Knowing your spatula from your fibula has always been a matter of immense pride here on Kirrin Island. So it's no wonder best TV show since freshly baked scones, The Great British Cake Mouth, has got the Islanders whisking and kneading like floury zealots, but are some of them a few currants short of a fruitcake?
DAVID CAMERA-ON:
Right Nick, ...the economic crisis, any ideas? we need to come up with something soon or we're brown bread.
DICK LEGG:
No, no, brown bread was last week David, do keep up, it's Queen of Puddings this week...now, separate three eggs....
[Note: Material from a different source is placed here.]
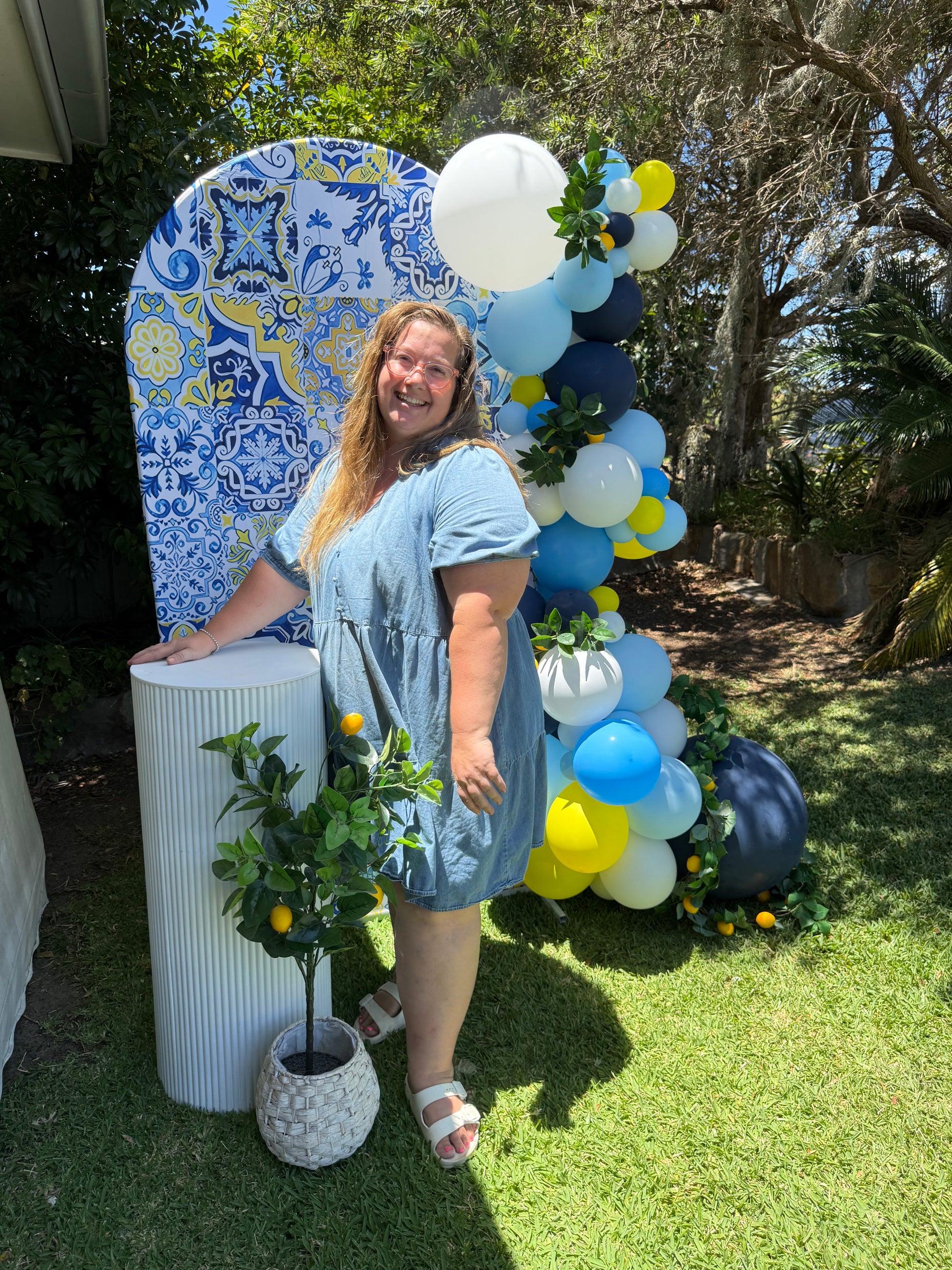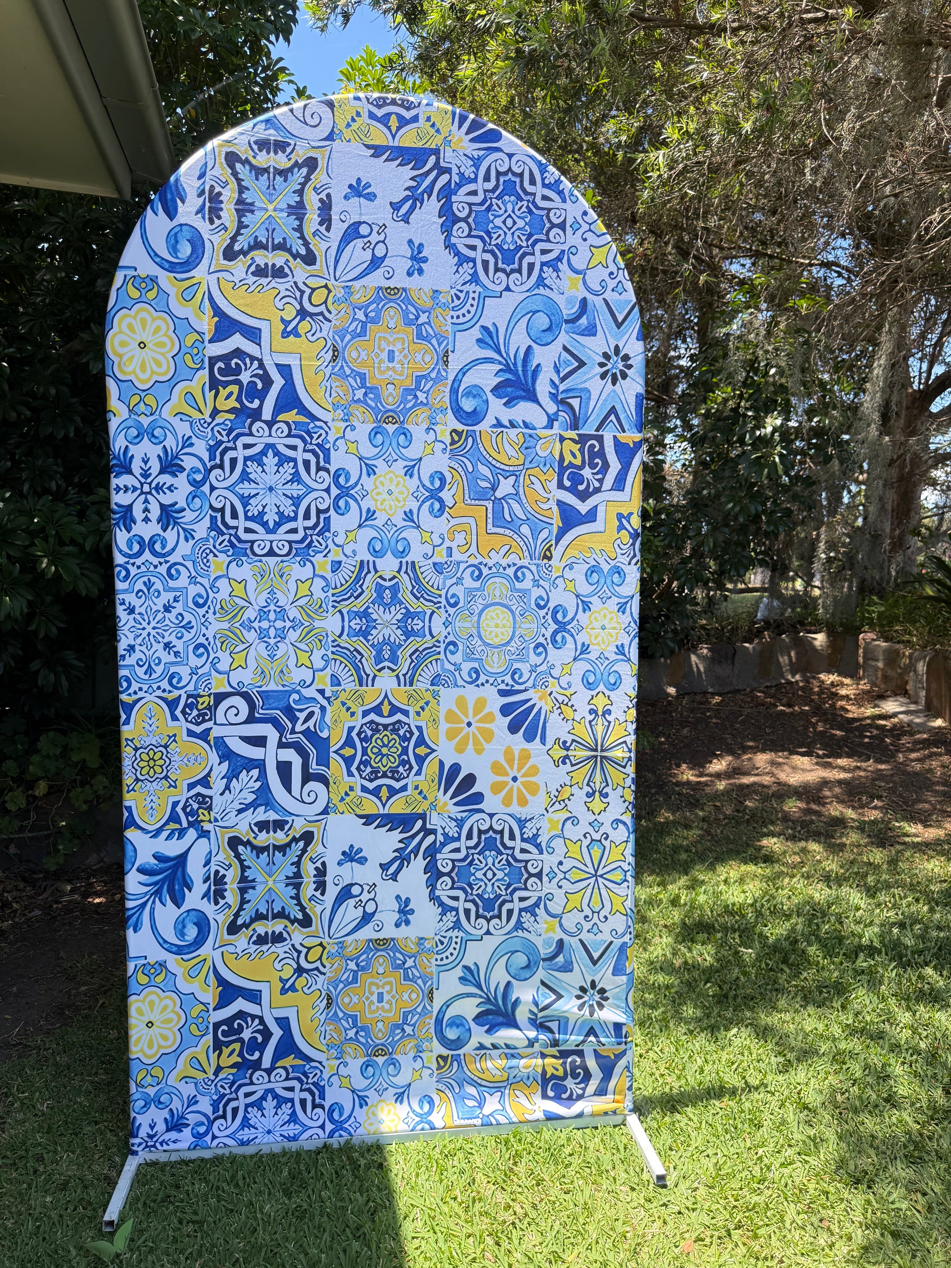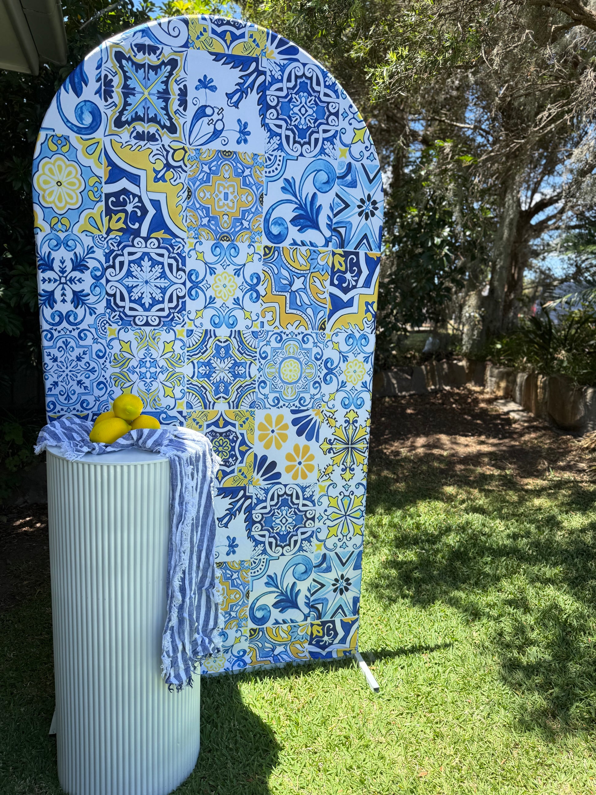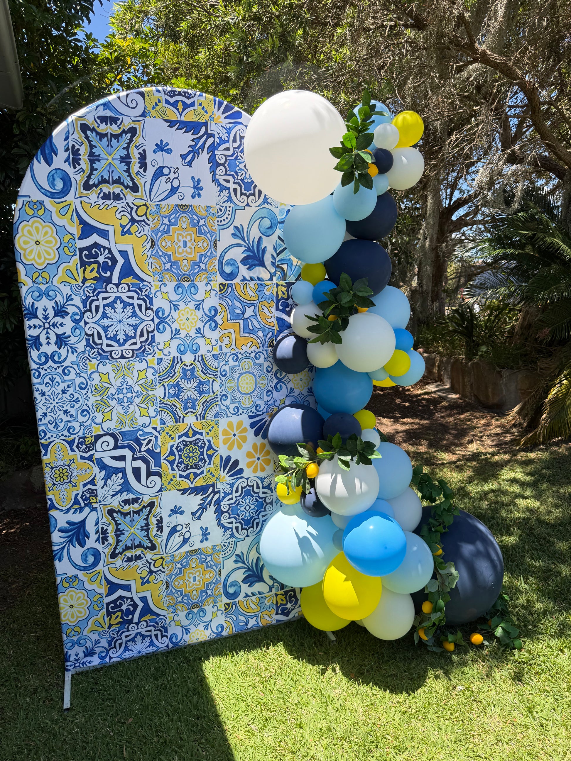 Such a cute vibe for your event! This Amalfi arch with blue and yellow is stunning.

F/XEggs cracking / Sloshing / plopping
LEGG:
Uh, this is a bit messy...
CAMERA-ON:
You could try sucking them.
LEGG:
I could, but my grandmother never taught me. Now, what's next, ah, 250grams of golden caster...
CAMERA-ON:
This baking obsession has gone way too far Dick; the people of Britain are relying on us.....
LEGG:
And Sherry Berry is relying on me to get my meringue to a stiff peak...do these eggs smell off to you?
CAMERA-ON:
But hundreds upon thousands of people in this county are counting....
LEGG:
Hey pesto! hundreds and thousands on top, that'll get me extra points on the technical challenge, oh and I might add a few of those little rock hard silver balls...might cost me though if any of the judges loses a tooth....maybe some chocolate sprinkles instead...
CAMERA-ON:
I suppose next thing we know, you'll be inviting your new friends Smell and Poo to sort out the Euro zone crisis.
LEGG:
Don't be so ridiculous....it's strudel next week, and there's no way the ladies would miss that. Those yummy bits of stray flaky pastry, all golden and crumbling....
CAMERA-ON:
So what are you saying Dick? You just expect me to shove all this economy stuff on the back burner 'til after the Great British Cake Mouth finale?
LEGG:
Certainly not...the heat would absorb all the moisture and we'd be left an inedible pile of economic goo...no, just cover it with clingfilm and stick it in the chiller for a couple of weeks.
F/XSOUND OF OVEN OPENING AND CLOSING
LEGG:Now, do you think this meringue could do with a blow torch?